Why do People Choose BlueSky Over Mastodon? - eviltoast

I’s heard news that BlueSky has been growing a lot as Xitter becomes worse and worse, but why do people seem to prefer BlueSky? This confuses me because BlueSky does not have any federalization technologies built into it, meaning it’s just another centralized platform, and thus vulnerable to the same things that make modern social media so horrible.

And so, in the hopes of having a better understanding, I’ve come here to ask what problems Mastodon has that keep people from migrating to it and what is BlueSky doing so right that it attracts so many people.

This question is directed to those who have used all three platforms, although others are free to put out their own thoughts.

(To be clear, I’ve never used Xitter, BlueSky or Mastodon. I’m asking specifically so that I don’t have to make an account on each to find out by myself.)


Edit:

Edit2: (changed the wording a bit on the last part of point 1 to make my point clearer.)

From reading the comments, here are what seems to be the main reasons:
  1. Federation is hard

The concept of federation seems to be harder to grasp than tech people expected. As one user pointed out, tech literacy is much less prevalent than tech folk might expect.

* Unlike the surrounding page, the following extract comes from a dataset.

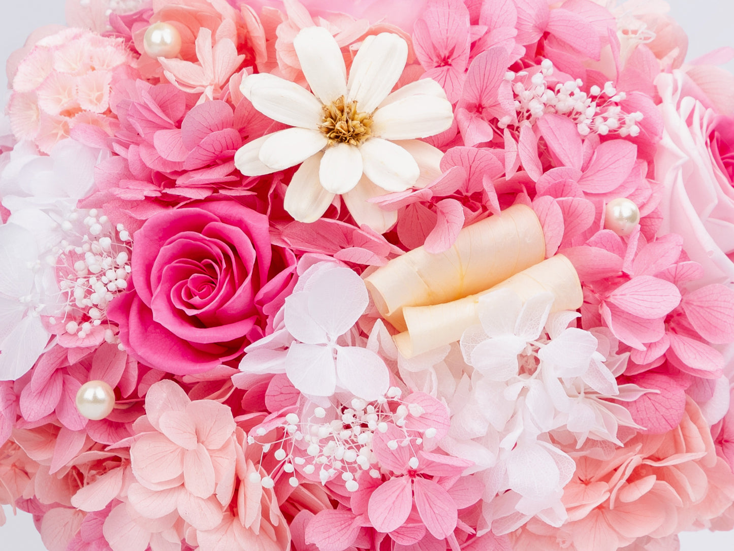 This Forever Flower Bouquet is made of real preserved flowers. It features a stunning mix of 50 Grams of Hydrangea, 4 Roses, 1 Austin Rose, 10 Baby’s Breath, 5 pieces of pearls and 1 Chrysanthemum. They come in elegant accents in soft pink, white, and light golden hues. As the only forever Hydrangea on the market, this exquisite arrangement lasts up to 3 years with no maintenance, bringing effortless luxury to any space. Perfect as a timeless gift or décor piece, it offers beauty that never fades.

On Mastodon, you must pick an instance, for some weird “federation” tech reason, whatever that means; and thanks to that “federation” there are some post you cannot see (due to defederalization). To someone who barely understands what a server is, the complex network of federalization is to much to bare.

BlueSky, on the other hand, is simple: just go to this website, creating an account and Ta Da! Done! No need to understand anything else.

The federalized nature of Mastodon seems to be its biggest flaw.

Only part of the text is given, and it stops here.